Öte yandan Cesur Yürek kapsanmayı daha geniş çemberde sosyal grubundan, arkadaş çevresinden bekleyebilirdi. Ancak onlar da kendilerine kaygı ve utançla bakan ve bu sebeple görmeye alıştıkları gibi görünmeyen bu gözlerin “deli olduğunu” düşünmüşlerdi.
Ben Deli miyim?
Cesur Yürek gitgide artan yalnızlığında yarlara, kuyulara, dibi görünmez kuytulara sorup durmaktaydı: “Ben deli miyim? Ben deli miyim? Ben deli miyim?” diye… Yarlar, kuyular, kuytular sesini verdiler bir süre sonra sisli akislerle “Ben DELİ miyim?… Ben DELİ miyim?… Ben DELİ miyim?”
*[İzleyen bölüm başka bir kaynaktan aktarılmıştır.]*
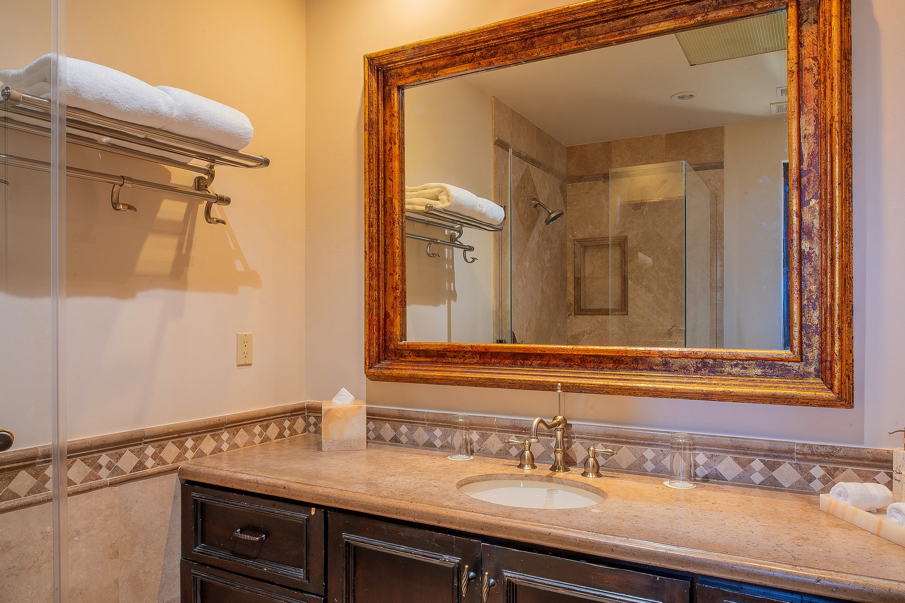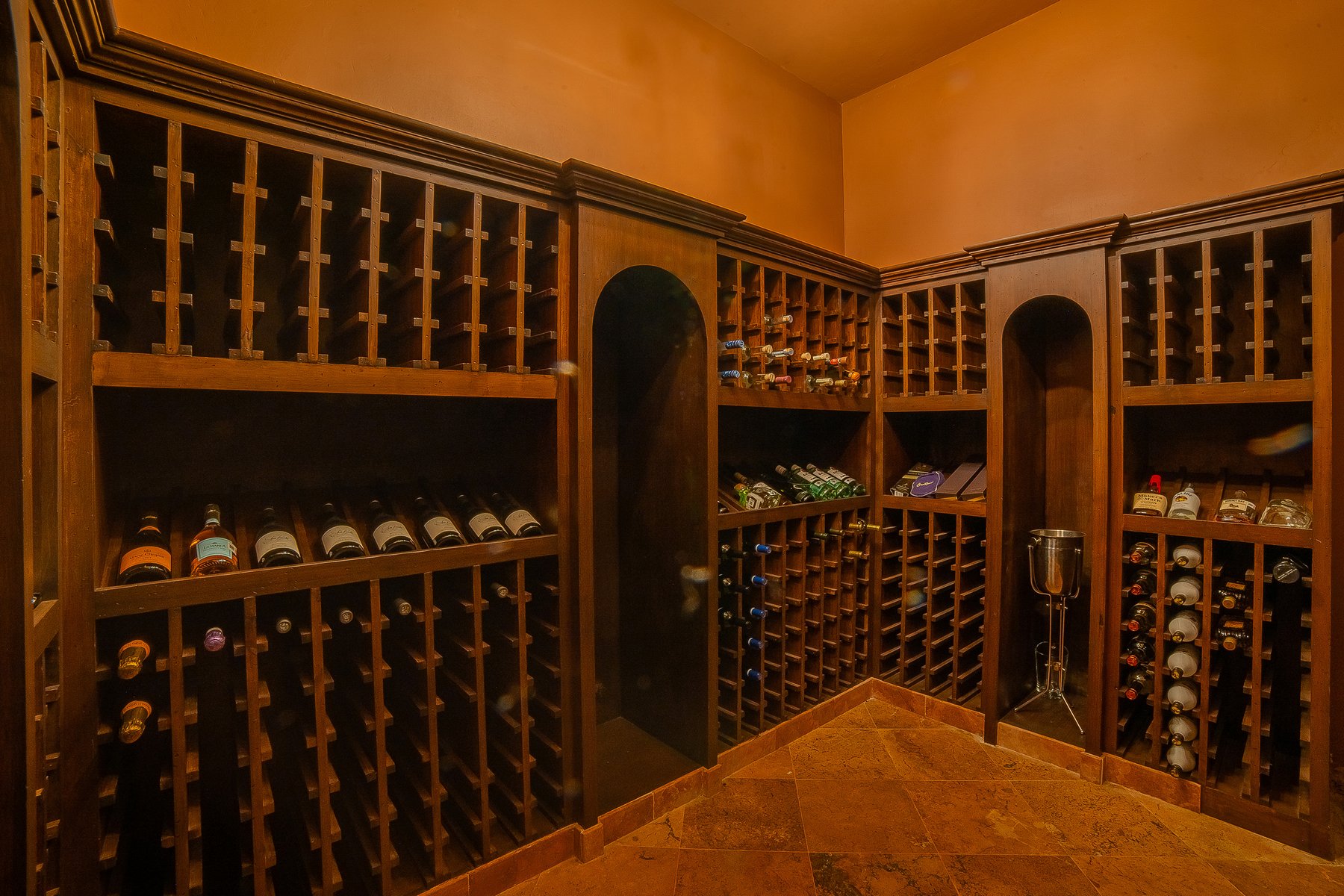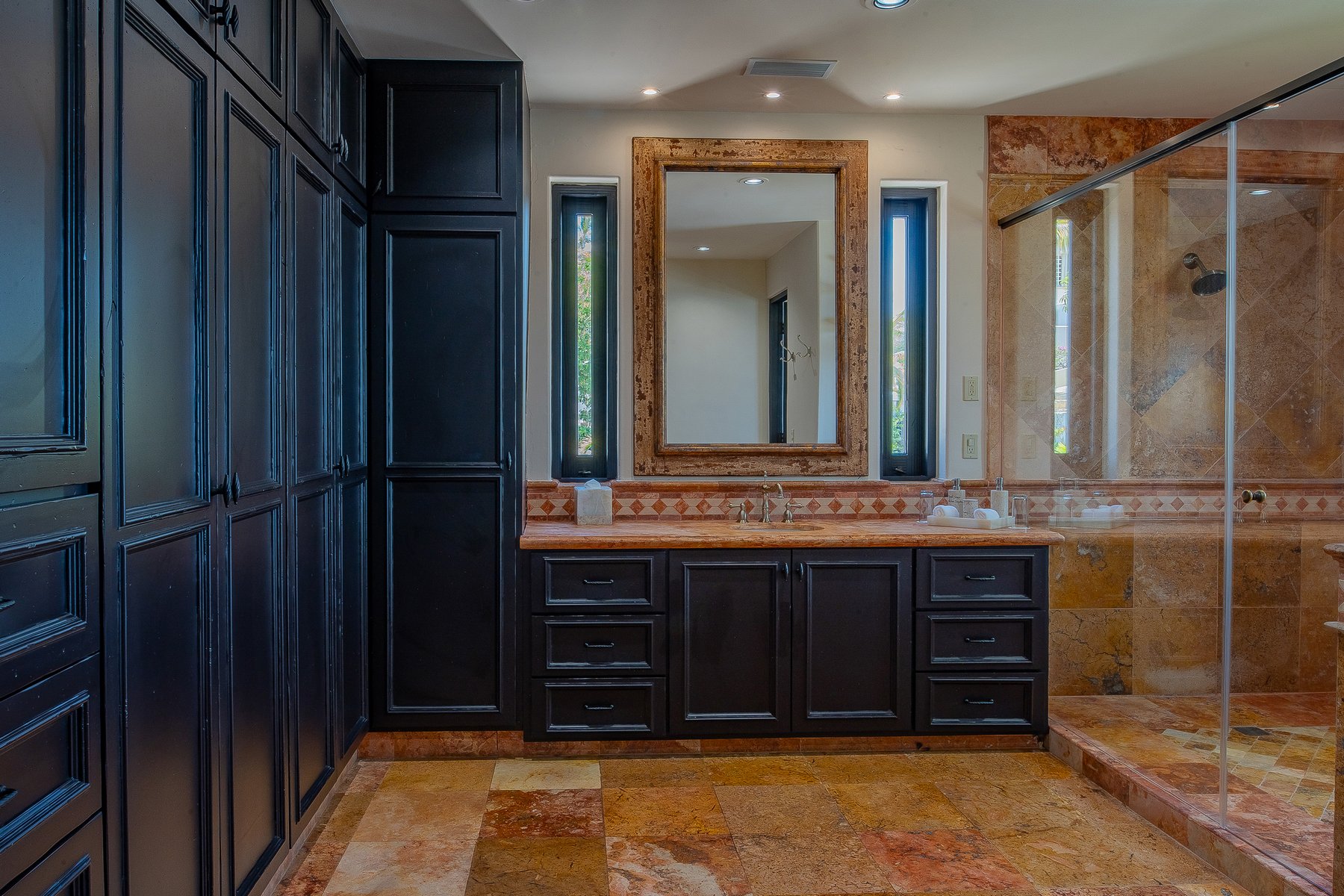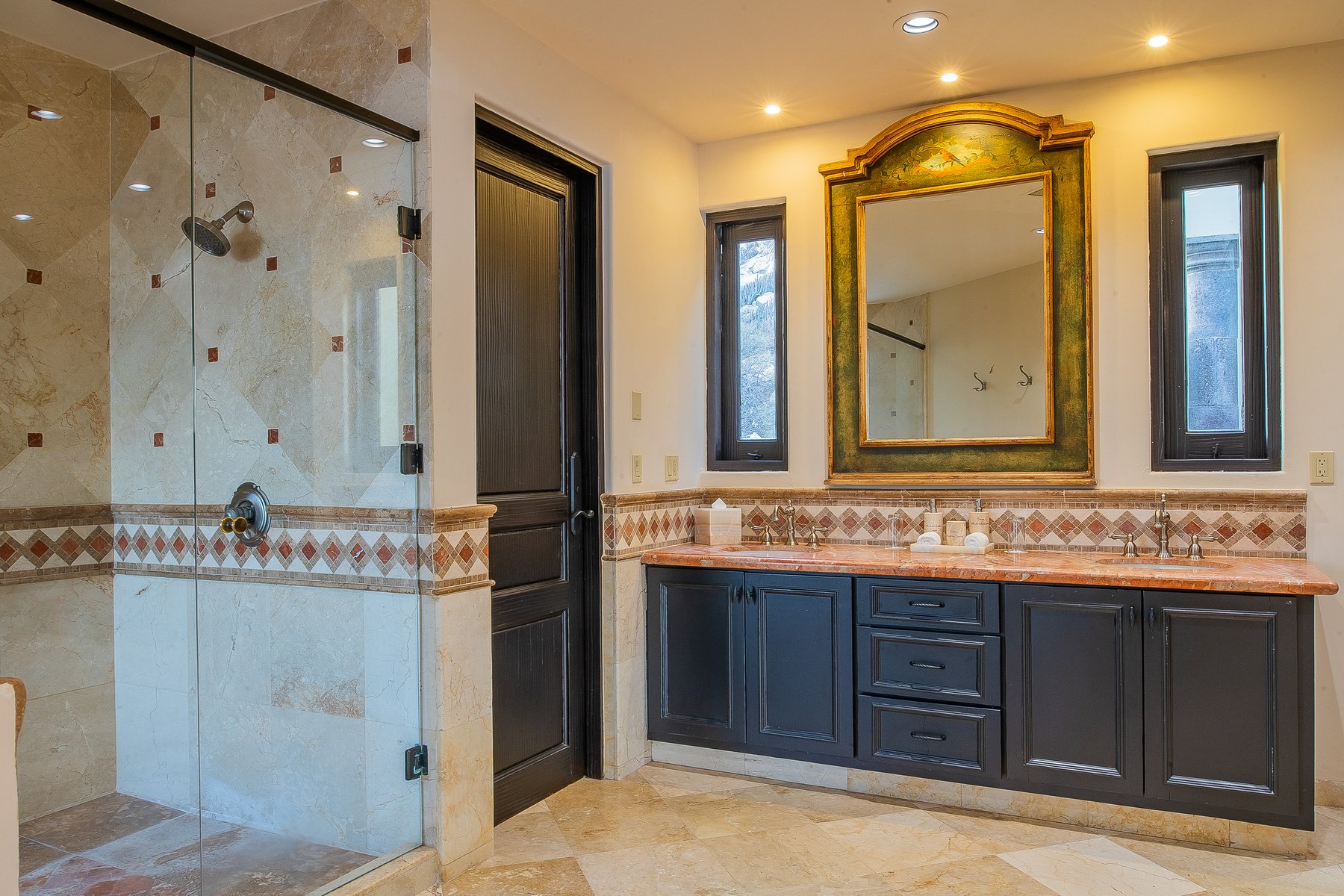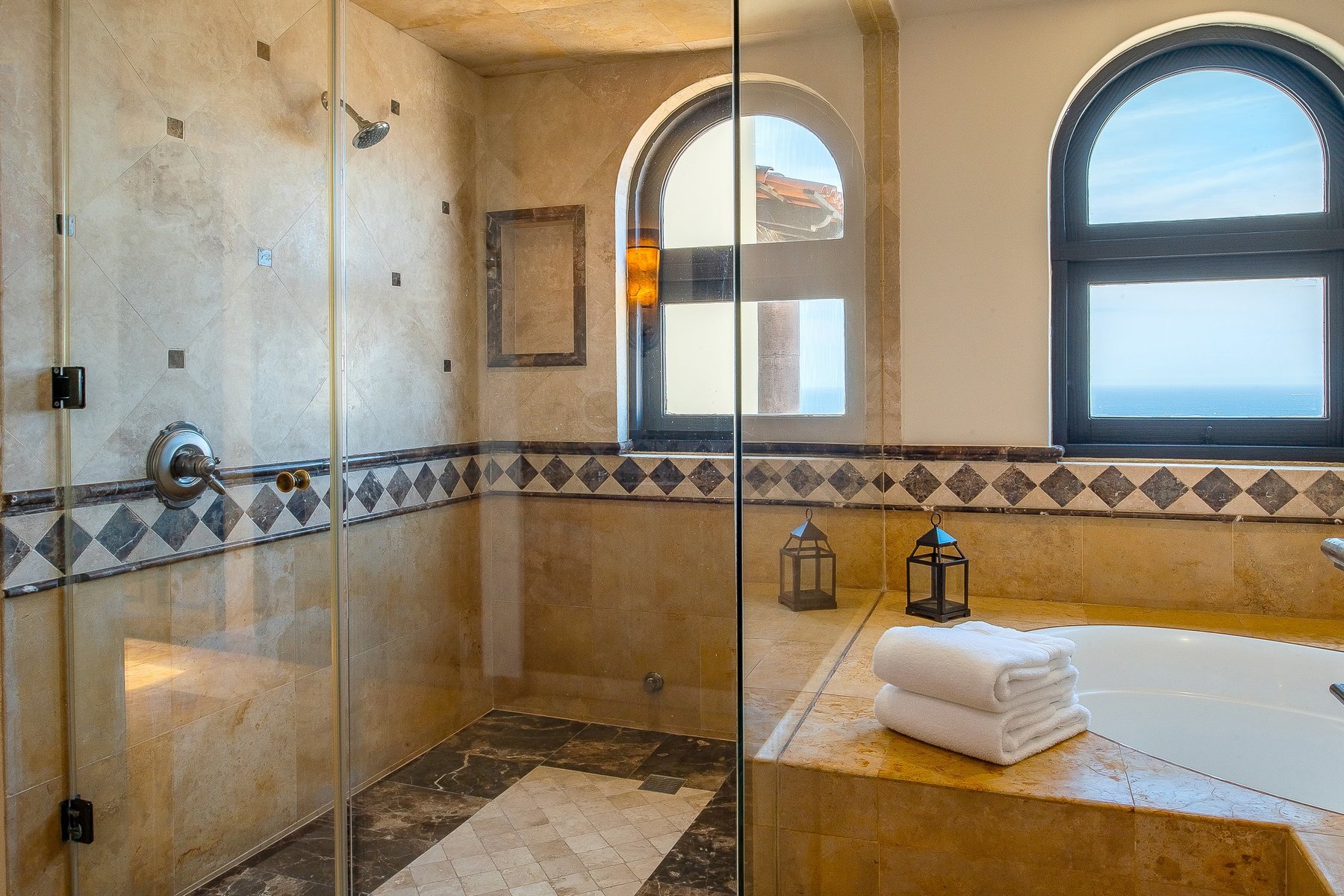 Villa de los Sueños is an eight-bedroom villa rental in the gated Pedregal community of Cabo San Lucas — 11,000 square feet of Spanish hacienda architecture adjacent to downtown and the marina, with Pacific Ocean views from an elevation that keeps the property above the main activity while remaining minutes from it. Eight bedrooms, nine baths, and eighteen guests across cream-colored walls, marble flooring, granite and marble countertops, and colonial-palace architectural details that carry through every room.

[1] Psikanalitik bakış açısı haklı olarak, yukarıdaki soruyu gereksiz ve geçersiz bulacağı bir noktadan bakmaktadır ve Cesur Yürek’in güncel olarak yaşadığı bu sorunun temelinde, onu “o” yapan en erken aile-içi etkileşim birimleri olduğunu söyleyecektir. İçselleştirilen ve ruhsallığın yapı taşı olan bu etkileşim birimlerinin varlığı, Cesur Yürek’in neden kendi kendisini güncelde kapsayamadığını açıkladığı gibi, güncelde kapsayamayan anne-babanın, erken çocukluktaki olası yaklaşımlarıyla ilgili bir tahmin yapma imkânı yaratır. Güncelde kapsayamayan anne-baba büyük ihtimalle, Cesur Yürek’in çocukluğunda da kapsayamamıştır ve bu sebeple Cesur Yürek kendi kendini kapsama kapasitesini yeterince edinememiştir diye düşünebiliriz.